Description of impactReviews
"The book aims at introducing modern statistical small area estimation methodologies into the framework of spatial microsimulation modelling for a comprehensive presentation, providing a novel approach with much potential in comparative social research and regional statistics production. In my opinion, the strongest methodological developments are in the techniques of generating synthetic spatial microdata at small area levels. This book will be attractive for students, in economics, social sciences and statistics in particular. The increasing use of both SAE and microsimulation methods in different areas of society, such as social planning by government institutions and official or public statistics production by national and international statistical agencies. Finally, I want to congratulate the authors for writing a nice and well readable book on a quite complicated topic."
—Prof. Risto Lehtonen, University of Helsinki
". . .an interesting read for both beginning and more experienced microsimulation modellers. The two authors are well known within the microsimulation community. In this book, they share their experiences and insights into both the more theoretical and empirical aspects of microsimulation modelling. Across disciplines, there are several approaches towards the simulation or projection of small area statistics. However, since these different disciplines make use of different terminologies, there is less cross-pollination than expected (or hoped for). The aim of this book is to show and explain different approaches of small area estimation that are used in different research fields. The book gives an extensive theoretical and empirical overview of different microsimulation techniques and can be of relevance to researchers who want to expand their knowledges on ways to estimate small area characteristics."

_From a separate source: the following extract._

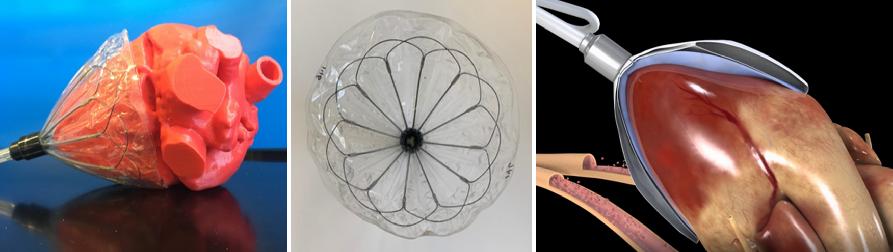 Fig. 6.The CorInnova device. Left: The cup-shaped device is deployed inside the pericardial sac around the ventricles. Shown is a side view of the device around a 3D-printed ovine heart. Middle: Top view of device, which consists of a Nitinol frame that allows self-deployment. Right: The device includes an inner (epicardial) fluid-filled polyurethane film buffering component and an outer polyurethane film active assist component [44, 45]. Images courtesy of CorInnova, Inc.

~International Journal of Microsimulation
"The authors begin with a detailed classification tree of small area estimation techniques. The text then proceeds to review and describe these techniques. A familiarity with regression techniques and survey methods is assumed throughout. The text then proceeds to present some new small area estimation techniques, validation methods, and a detailed worked example. The appendices provide further details of the worked example and SAS code for the generalized regression weighting tool (GREGWT) method."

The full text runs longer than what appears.